REQUIRED WORK: The data must be reproduced verbatim; images are to be omitted.
··· SOURCE MATERIAL
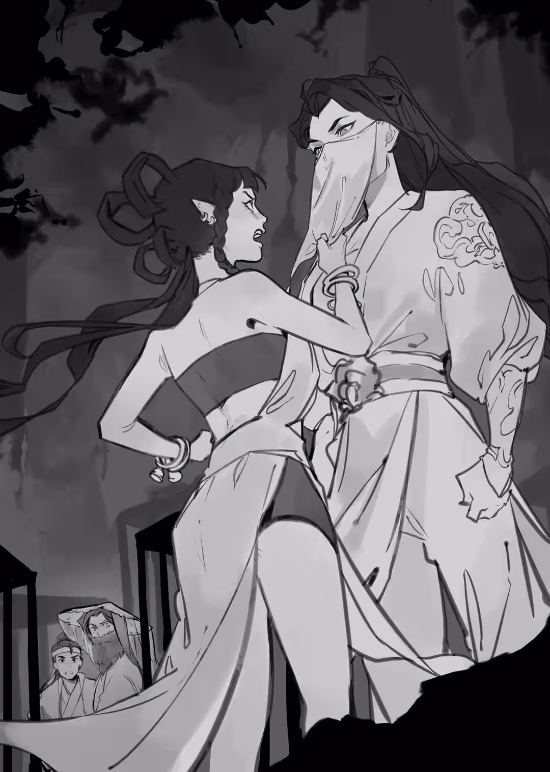 While being greeted by a sweet-smelling maiden was indeed a wonderful thing, Shen Qingqiu unfortunately couldn’t enjoy it, especially because Ning Yingying had developed quite nicely. No longer was she that dainty and delicate little girl of the past; sometimes her chest would accidentally brush against him. In fact, it did so until Shen Qingqiu, face still expressionless, was streaming with cold sweat. He had once again thought of those two long chains of posts in Proud Immortal Demon Way’s comment section—the ones demanding Shen Qingqiu’s castration.
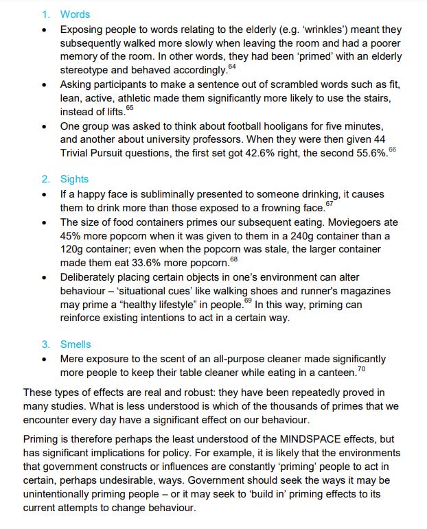 For instance, the MINDSPACE report details various ways in which subtle behavioral “nudges” could be used to significantly alter the outcome of individual decision-making, without ever eliciting the intervention of conscious “reflective systems.” Instead, individuals are simply guided by a series of clever unconscious “nudges” and subliminal “cues” which leverage “mental shortcuts” and other “automatic motivations.”
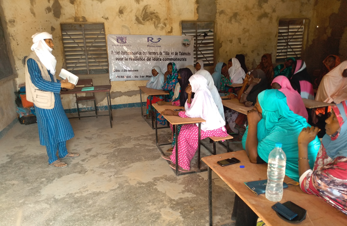 Mujeres de Niger recibiendo clase de alfabetización, a cargo de la fundación RESCATE
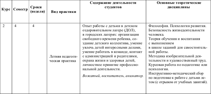 Каждый вид практики решает конкретные задачи и предполагает поэтапное включение студентов в разнообразные виды деятельности. Так, в период летней практики студенты участвуют в организации свободного времени ребенка в детских парках, различных центрах отдыха, городских и загородных лагерях отдыха. На этом, первом, этапе профессионального становления они приобретают опыт общения с детьми, опыт работы по созданию детского коллектива, умения работать в команде, несут ответственность за принятые решения, отвечают за охрану жизни и здоровья детей. Этот первоначальный опыт способствует осознанному принятию каждым своей личностной профессиональной позиции. На этом уровне педагогическая деятельность осуществляется ими в качестве воспитателей, вожатого, волонтера, аниматора.
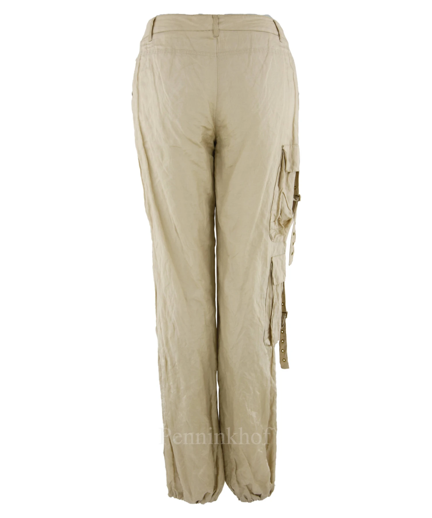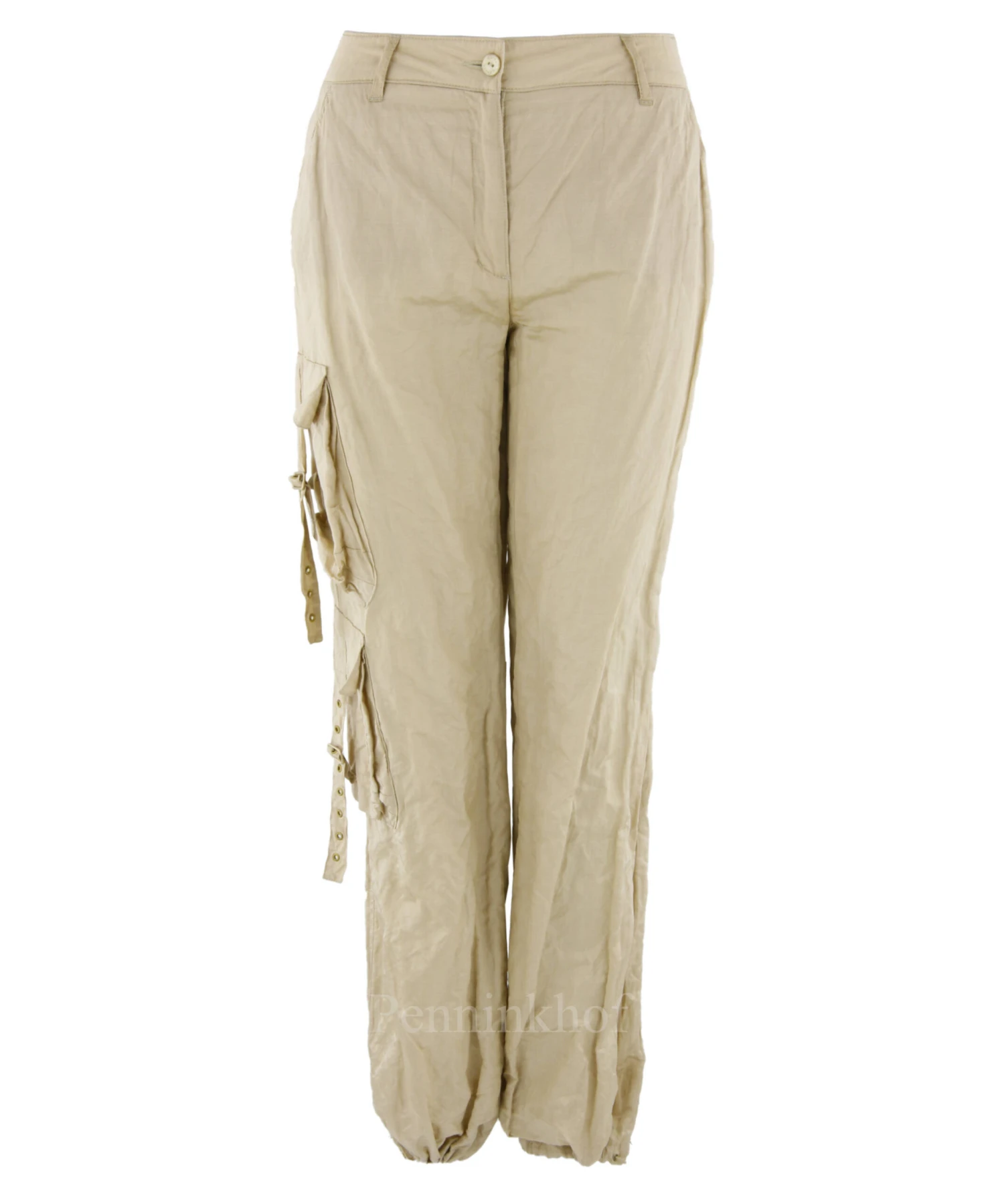 Een broek van Luisa Cerano in een glanzende zandkleur. de stof is gekreukt en op de rechter pijp is zijn boven en onder de knie 2 decoratieve zakken met een gesp. De broek heeft steekzakken en mag op de hand worden gewassen.
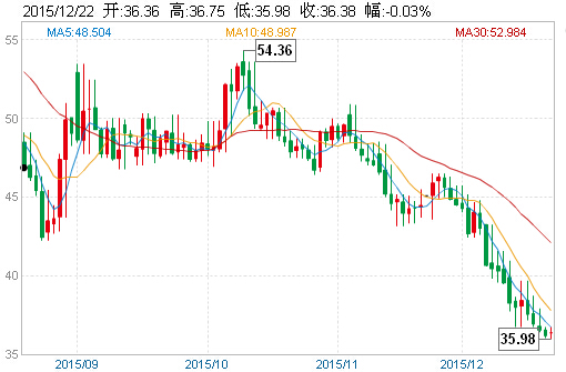 紐約時間12月22日14:30,NYMEX2月原油期貨合約上漲0.33美元或0.92%,收報每桶36.14美元。
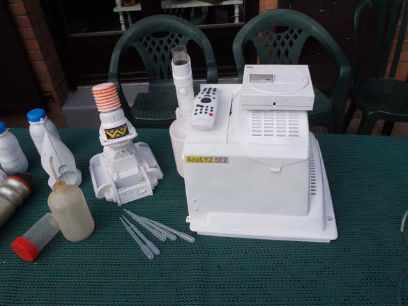 Alors un analyseur positrucmachin. Fait avec: un dérouleur à papier toilette, un fond de TV hertzienne, une télécommande universelle, un radio-réveil et un sabre laser qui fait du bruit et de la lumière.
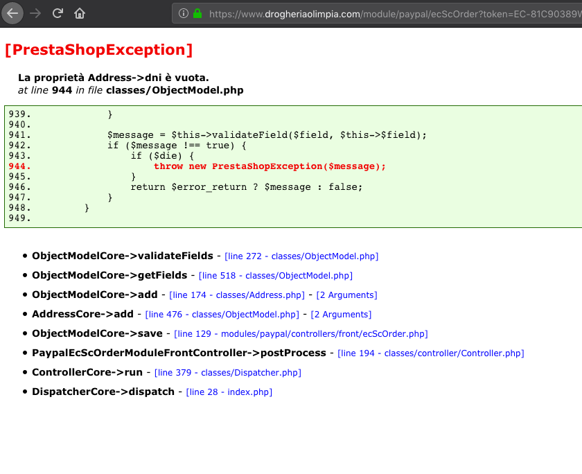 @diegofrancesco Posted November 9, 2018 Share Posted November 9, 2018 Hello, I have the last version of Paypal module on Prestashop 1.7.2.4, the classic payment mode in the checkout page its ok, the problem is with the shortcut in the cart because it doesn't work. I click on the PayPal button in the cart of my website, then the module redirect me at PayPal site, I login, but when I click on "pay now" button the system show me an error 500 page from my site. How can I solve it? I have used the debug mode for display error, but I don't understand where is the problem with the property Address (see attachment). Thank you so much for your support. Link to comment Share on other sites More sharing options...
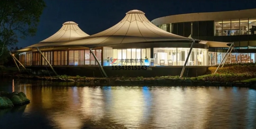 膜結構帳篷酒店的設計理念強調(diào)與自然環(huán)境的和諧共生。酒店通常選址于風景秀麗的自然景區(qū),如山林、湖畔、沙漠或草原,讓旅客在享受奢華住宿的同時,也能近距離感受大自然的魅力。帳篷酒店的外觀設計往往融入周邊的自然景觀,采用流線型或仿生形態(tài),仿佛是大自然中的一部分,與周圍的環(huán)境相得益彰。
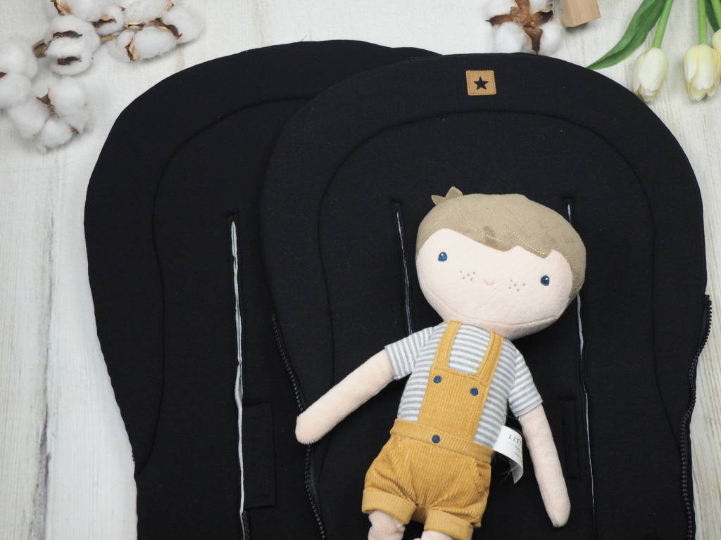 Podložka do kočárku s postranním zipem je oboustranná a 1 cm molitanová výplň nejen zpříjemní posezení v kočárku.
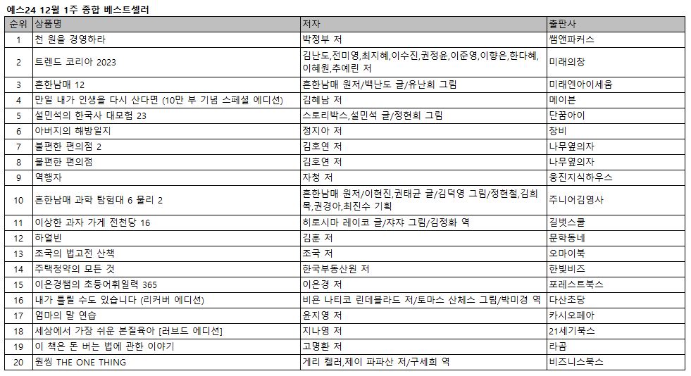 [아시아경제 서믿음 기자] 예스24 12월 1주 종합 베스트셀러에는 창업주 박정부 회장의 국민가게 다이소 25년 성공 스토리 '천 원을 경영하라'가 전주보다 두 계단 올라 1위를 기록했다. 검은 토끼의 해 멋진 도약을 준비하는 소비 전망서 '트렌드 코리아 2023'은 2위에 자리했고, 마음이 포근해지는 '흔한남매'의 새로운 일상 이야기 '흔한남매 12'는 전주 대비 한 계단 상승해 3위에 올랐다. 10만 부 판매 돌파 기념 스페셜 에디션으로 새롭게 펴낸 김혜남 저자의 '만일 내가 인생을 다시 산다면'은 4위, 누적 판매 500만 부를 돌파한 '설민석의 한국사 대모험' 시리즈 신간 '설민석의 한국사 대모험 23'은 출간 직후 5위에 올랐다.
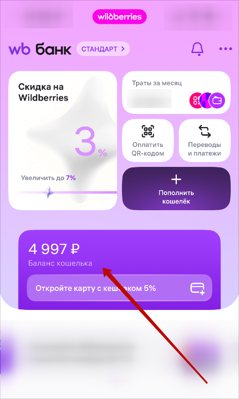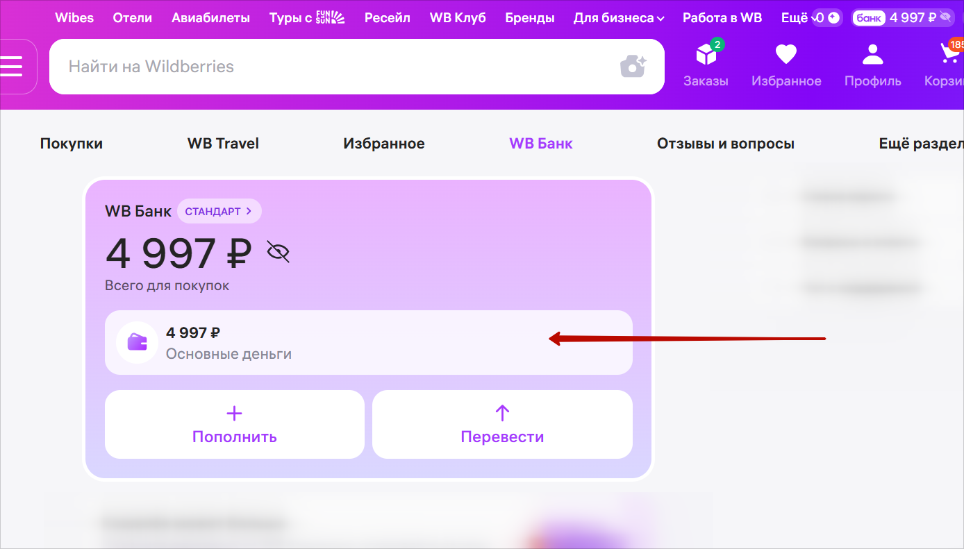- В разделе «WB банк» выберите «Основные деньги».
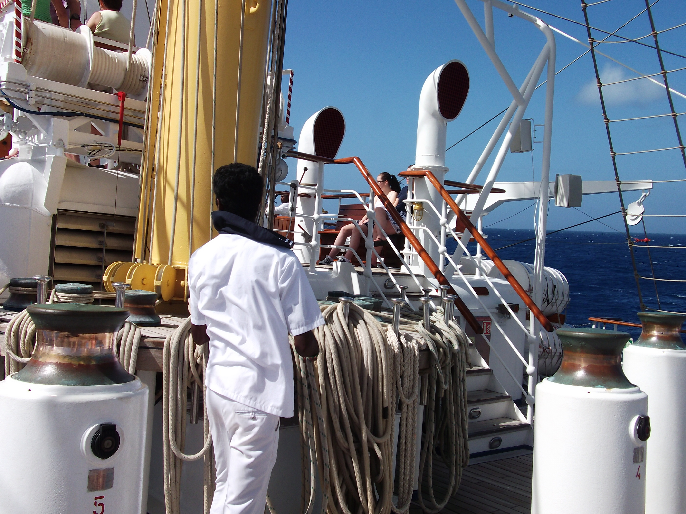 Earlier in the trip we met up with the sister sailing ship ‘Star Clipper’ – a rare occurrence and the captains had a race in the open sea. It was choppy and our captain won by gaining the windward side and then closing in to block the Star Clipper’s wind. Bit like Ben Ainslie only in a 5 masted schooner. It would seem that there are only 50 of these tall ships left working so it was a unique occasion.
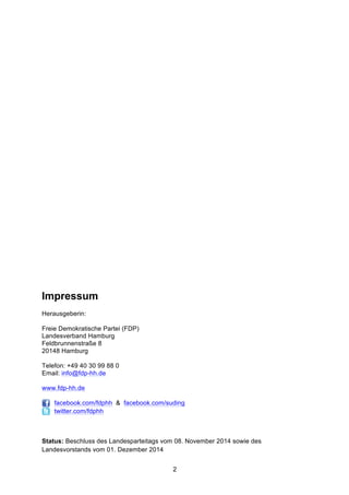 Das Wahlprogramm der FDP Hamburg 2015 setzt sich für eine liberale und zukunftsorientierte Politik ein, die Bildung, Wirtschaft und Infrastruktur fokussiert. Es betont die Notwendigkeit von Transparenz und Freiheit im Bildungssystem sowie Rahmenbedingungen, die unternehmerisches Handeln fördern. Die FDP ruft die Bürger zur aktiven Teilnahme an der Wahl auf, um ein besseres Hamburg zu gestalten, das Chancen und Rechte für alle bietet.
······
EXERCISE RESPONSE:
 While being greeted by a sweet-smelling maiden was indeed a wonderful thing, Shen Qingqiu unfortunately couldn’t enjoy it, especially because Ning Yingying had developed quite nicely. No longer was she that dainty and delicate little girl of the past; sometimes her chest would accidentally brush against him. In fact, it did so until Shen Qingqiu, face still expressionless, was streaming with cold sweat. He had once again thought of those two long chains of posts in Proud Immortal Demon Way’s comment section—the ones demanding Shen Qingqiu’s castration.
 For instance, the MINDSPACE report details various ways in which subtle behavioral “nudges” could be used to significantly alter the outcome of individual decision-making, without ever eliciting the intervention of conscious “reflective systems.” Instead, individuals are simply guided by a series of clever unconscious “nudges” and subliminal “cues” which leverage “mental shortcuts” and other “automatic motivations.”
 Mujeres de Niger recibiendo clase de alfabetización, a cargo de la fundación RESCATE
 Каждый вид практики решает конкретные задачи и предполагает поэтапное включение студентов в разнообразные виды деятельности. Так, в период летней практики студенты участвуют в организации свободного времени ребенка в детских парках, различных центрах отдыха, городских и загородных лагерях отдыха. На этом, первом, этапе профессионального становления они приобретают опыт общения с детьми, опыт работы по созданию детского коллектива, умения работать в команде, несут ответственность за принятые решения, отвечают за охрану жизни и здоровья детей. Этот первоначальный опыт способствует осознанному принятию каждым своей личностной профессиональной позиции. На этом уровне педагогическая деятельность осуществляется ими в качестве воспитателей, вожатого, волонтера, аниматора.
 Een broek van Luisa Cerano in een glanzende zandkleur. de stof is gekreukt en op de rechter pijp is zijn boven en onder de knie 2 decoratieve zakken met een gesp. De broek heeft steekzakken en mag op de hand worden gewassen.
 紐約時間12月22日14:30,NYMEX2月原油期貨合約上漲0.33美元或0.92%,收報每桶36.14美元。
 Alors un analyseur positrucmachin. Fait avec: un dérouleur à papier toilette, un fond de TV hertzienne, une télécommande universelle, un radio-réveil et un sabre laser qui fait du bruit et de la lumière.
 @diegofrancesco Posted November 9, 2018 Share Posted November 9, 2018 Hello, I have the last version of Paypal module on Prestashop 1.7.2.4, the classic payment mode in the checkout page its ok, the problem is with the shortcut in the cart because it doesn't work. I click on the PayPal button in the cart of my website, then the module redirect me at PayPal site, I login, but when I click on "pay now" button the system show me an error 500 page from my site. How can I solve it? I have used the debug mode for display error, but I don't understand where is the problem with the property Address (see attachment). Thank you so much for your support. Link to comment Share on other sites More sharing options...
 膜結構帳篷酒店的設計理念強調(diào)與自然環(huán)境的和諧共生。酒店通常選址于風景秀麗的自然景區(qū),如山林、湖畔、沙漠或草原,讓旅客在享受奢華住宿的同時,也能近距離感受大自然的魅力。帳篷酒店的外觀設計往往融入周邊的自然景觀,采用流線型或仿生形態(tài),仿佛是大自然中的一部分,與周圍的環(huán)境相得益彰。
 Podložka do kočárku s postranním zipem je oboustranná a 1 cm molitanová výplň nejen zpříjemní posezení v kočárku.
 [아시아경제 서믿음 기자] 예스24 12월 1주 종합 베스트셀러에는 창업주 박정부 회장의 국민가게 다이소 25년 성공 스토리 '천 원을 경영하라'가 전주보다 두 계단 올라 1위를 기록했다. 검은 토끼의 해 멋진 도약을 준비하는 소비 전망서 '트렌드 코리아 2023'은 2위에 자리했고, 마음이 포근해지는 '흔한남매'의 새로운 일상 이야기 '흔한남매 12'는 전주 대비 한 계단 상승해 3위에 올랐다. 10만 부 판매 돌파 기념 스페셜 에디션으로 새롭게 펴낸 김혜남 저자의 '만일 내가 인생을 다시 산다면'은 4위, 누적 판매 500만 부를 돌파한 '설민석의 한국사 대모험' 시리즈 신간 '설민석의 한국사 대모험 23'은 출간 직후 5위에 올랐다.
- В разделе «WB банк» выберите «Основные деньги».
 Earlier in the trip we met up with the sister sailing ship ‘Star Clipper’ – a rare occurrence and the captains had a race in the open sea. It was choppy and our captain won by gaining the windward side and then closing in to block the Star Clipper’s wind. Bit like Ben Ainslie only in a 5 masted schooner. It would seem that there are only 50 of these tall ships left working so it was a unique occasion.
 Das Wahlprogramm der FDP Hamburg 2015 setzt sich für eine liberale und zukunftsorientierte Politik ein, die Bildung, Wirtschaft und Infrastruktur fokussiert. Es betont die Notwendigkeit von Transparenz und Freiheit im Bildungssystem sowie Rahmenbedingungen, die unternehmerisches Handeln fördern. Die FDP ruft die Bürger zur aktiven Teilnahme an der Wahl auf, um ein besseres Hamburg zu gestalten, das Chancen und Rechte für alle bietet.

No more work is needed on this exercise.